From the material below, retype exactly the lines that begin at the line with "ШНОРХЕЛ ПРО за ВЪЗРАСТНИ – РЕГУЛИРУЕМ" and end after the line with "现今养老服务供给有着显著失衡，就算 2023 年各类养老服务机构跟设施达到"; pictures stay out of the copy.

## Stored data
/---
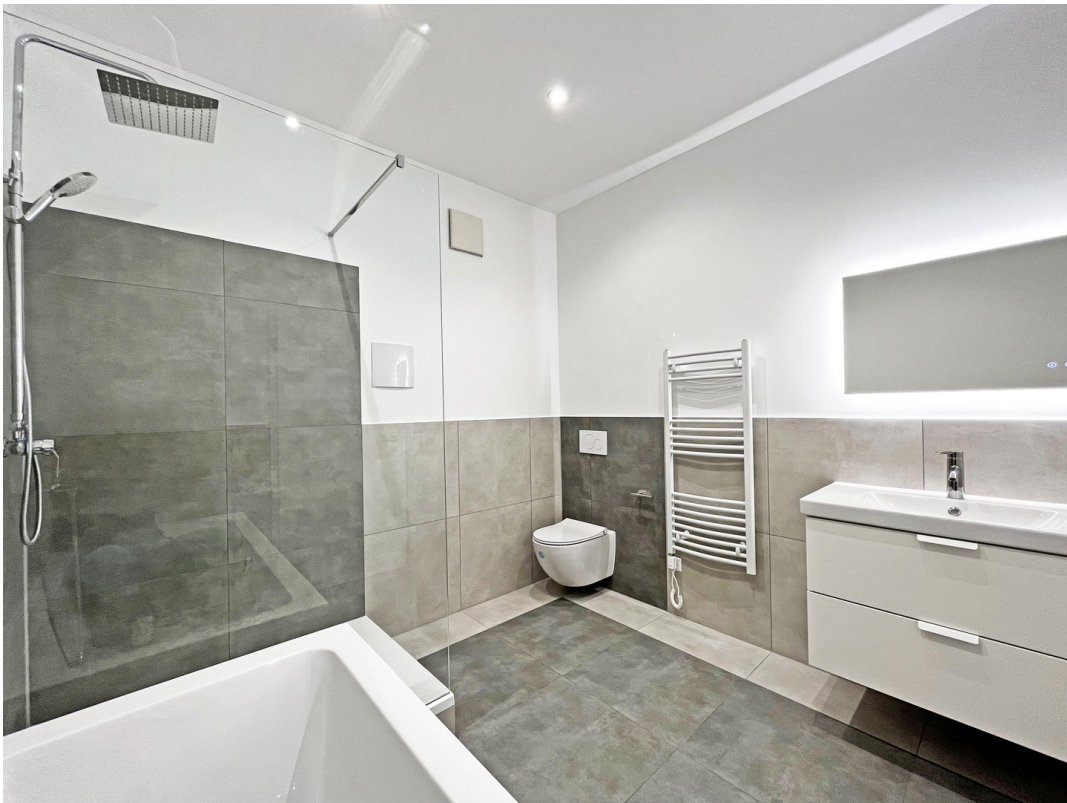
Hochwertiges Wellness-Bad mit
\---
/---
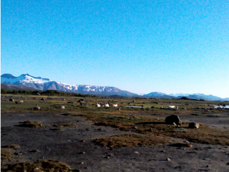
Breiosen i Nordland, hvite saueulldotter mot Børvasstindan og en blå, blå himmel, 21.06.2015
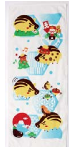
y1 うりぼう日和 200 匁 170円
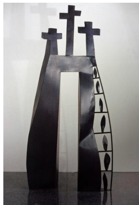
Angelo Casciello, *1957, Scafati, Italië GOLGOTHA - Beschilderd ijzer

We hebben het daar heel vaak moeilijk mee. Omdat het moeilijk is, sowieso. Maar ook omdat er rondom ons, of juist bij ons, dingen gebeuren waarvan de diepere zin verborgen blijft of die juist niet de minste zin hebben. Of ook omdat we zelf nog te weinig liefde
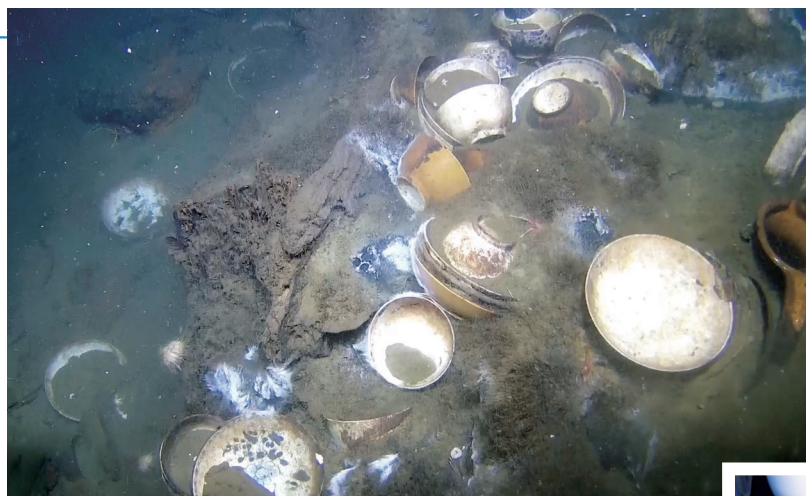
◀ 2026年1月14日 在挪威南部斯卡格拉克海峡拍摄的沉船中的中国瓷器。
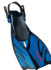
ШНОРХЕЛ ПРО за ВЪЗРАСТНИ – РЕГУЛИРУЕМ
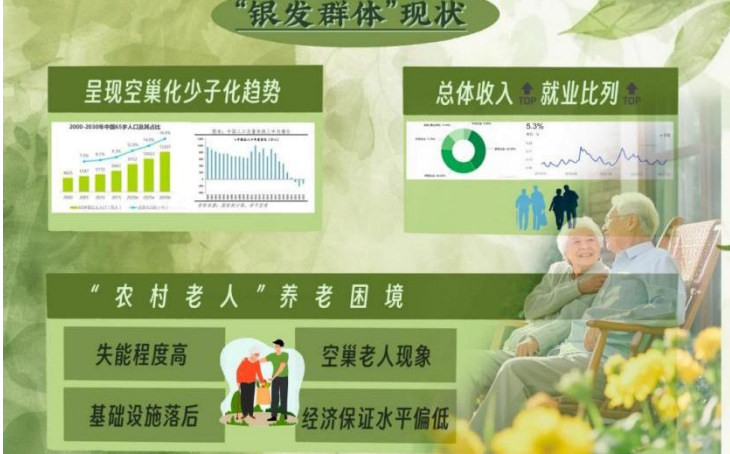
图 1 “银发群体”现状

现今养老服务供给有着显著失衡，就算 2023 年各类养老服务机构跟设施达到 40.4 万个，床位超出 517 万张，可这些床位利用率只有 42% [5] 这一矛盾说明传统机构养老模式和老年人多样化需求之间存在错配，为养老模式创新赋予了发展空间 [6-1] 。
\---
/---
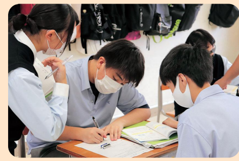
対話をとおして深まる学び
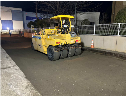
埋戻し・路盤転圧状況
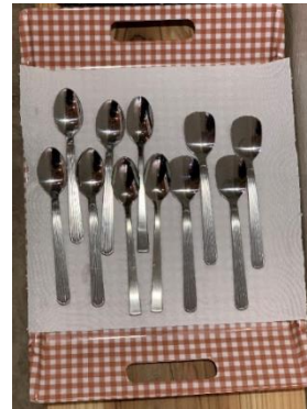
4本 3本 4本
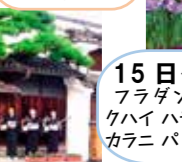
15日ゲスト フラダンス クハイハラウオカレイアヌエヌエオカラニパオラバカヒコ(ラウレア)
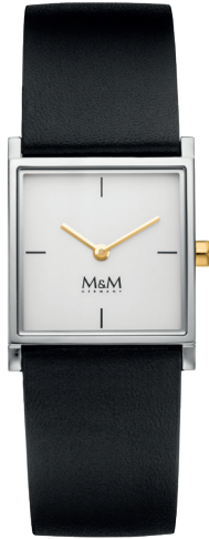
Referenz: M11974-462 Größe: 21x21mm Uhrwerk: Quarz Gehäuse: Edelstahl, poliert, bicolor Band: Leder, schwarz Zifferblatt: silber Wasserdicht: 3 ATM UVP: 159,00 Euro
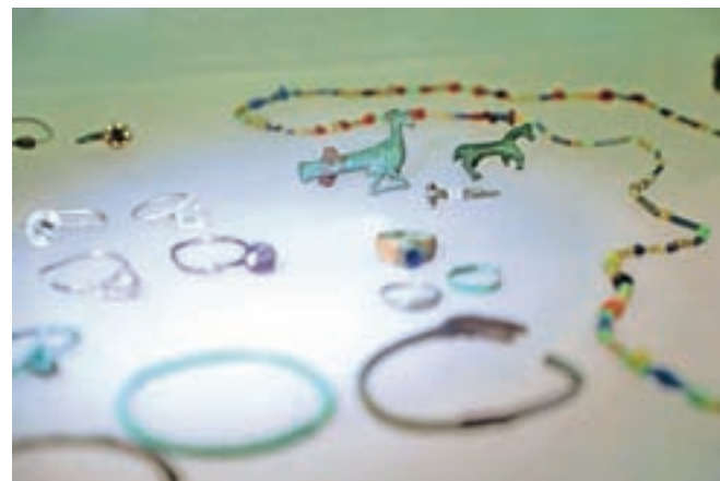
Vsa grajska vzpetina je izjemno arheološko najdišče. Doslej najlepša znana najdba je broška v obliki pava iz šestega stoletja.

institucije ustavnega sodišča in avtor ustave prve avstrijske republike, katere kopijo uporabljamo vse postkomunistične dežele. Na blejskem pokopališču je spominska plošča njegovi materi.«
\---
## Result of the exercise
ШНОРХЕЛ ПРО за ВЪЗРАСТНИ – РЕГУЛИРУЕМ
图 1 “银发群体”现状

现今养老服务供给有着显著失衡，就算 2023 年各类养老服务机构跟设施达到 40.4 万个，床位超出 517 万张，可这些床位利用率只有 42% [5] 这一矛盾说明传统机构养老模式和老年人多样化需求之间存在错配，为养老模式创新赋予了发展空间 [6-1] 。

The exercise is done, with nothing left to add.